Human papillomaviruses (HPVs) are associated with anogenital warts and are the causative factor for cervical cancer in women worldwide. Currently, two prophylactic vaccines (Gardasil and Cervarix) successfully prevent infection by two of the most prevalent and cancer-associated HPV types (HPV-16 and -18). To measure the efficacy of these vaccines, serum antibody levels are monitored from vaccinated individuals. For large epidemiological studies, it is labour-intensive and challenging to collect serum samples.
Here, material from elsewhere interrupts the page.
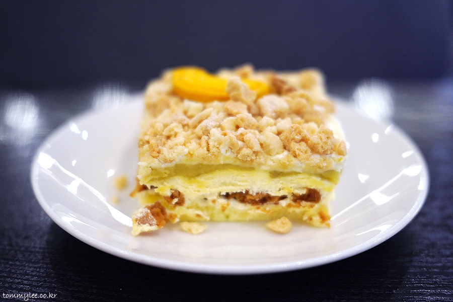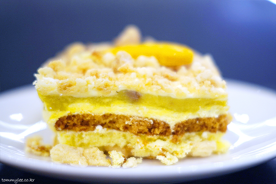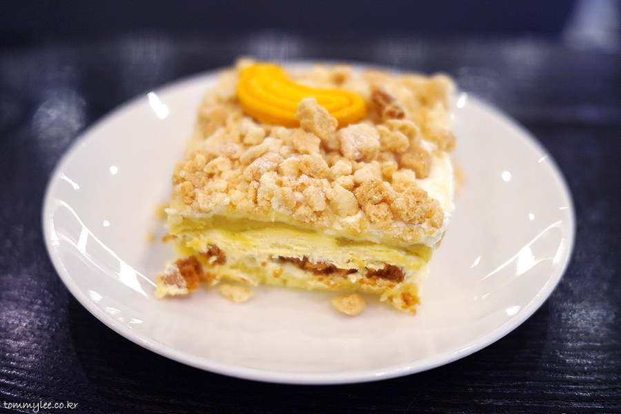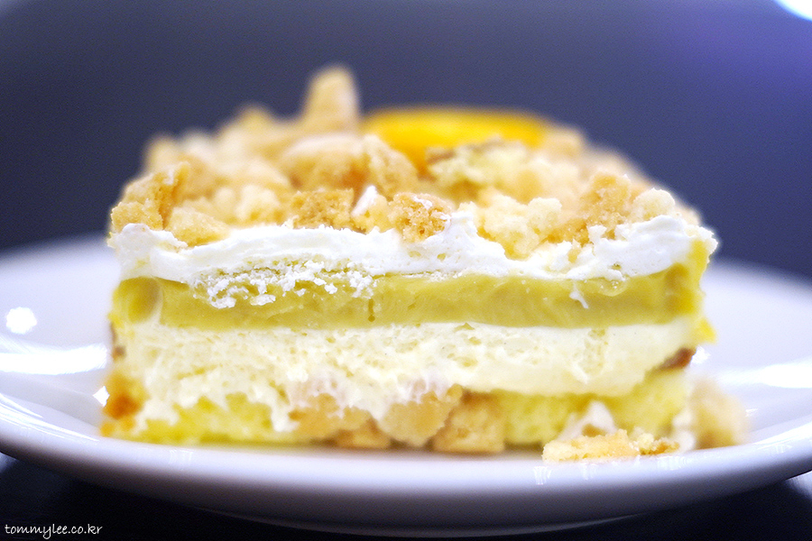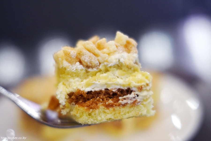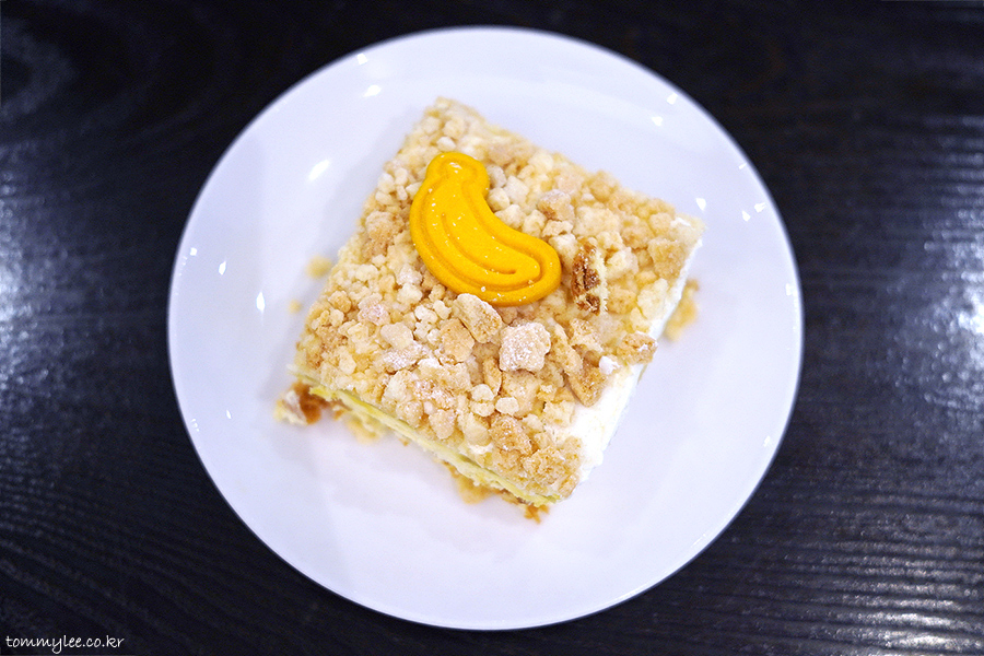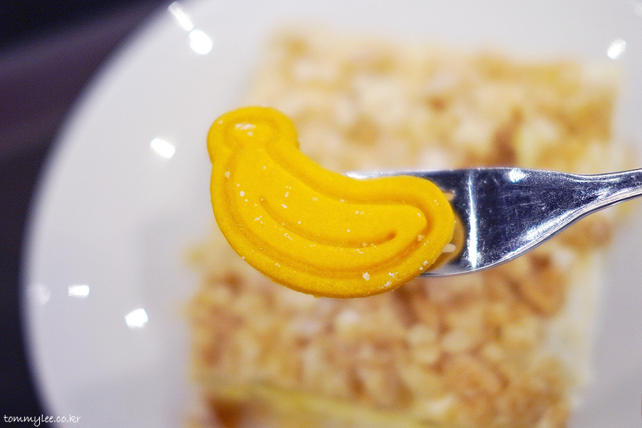 넉넉하게 올려진 크럼블과 케이크 시트 사이에 바닐라 크림과 바나나 커스터드 크림, 버터 비스킷이 샌드 되어 있는데.. 조합이 꽤 괜찮아요..

Previous studies have demonstrated that antibodies can be detected in body fluids such as nasal secretions, tears, saliva, etc. (Douglas et al., 1967; Friedman et al., 1989; Little et al., 1969; Madar et al., 2002). Antibodies against an array of viruses, such as measles virus, herpes simplex virus (HSV) and HIV, have been detected in tear samples (Allansmith, 1973; Friedman, 1990; Langford et al., 2003; Liotet et al., 1987; Rozanova et al., 2006). Detection of antibodies against papillomavirus in body fluids such as tears is untested. In addition, a comparative study of antibody titres from tear samples and serum samples has not been performed. If we can demonstrate antibodies in body fluids as well as in serum samples, we can apply this non-invasive method to monitor antibody levels in immunized populations. In this study, we used a cottontail rabbit papillomavirus (CRPV)/domestic rabbit model to address these questions.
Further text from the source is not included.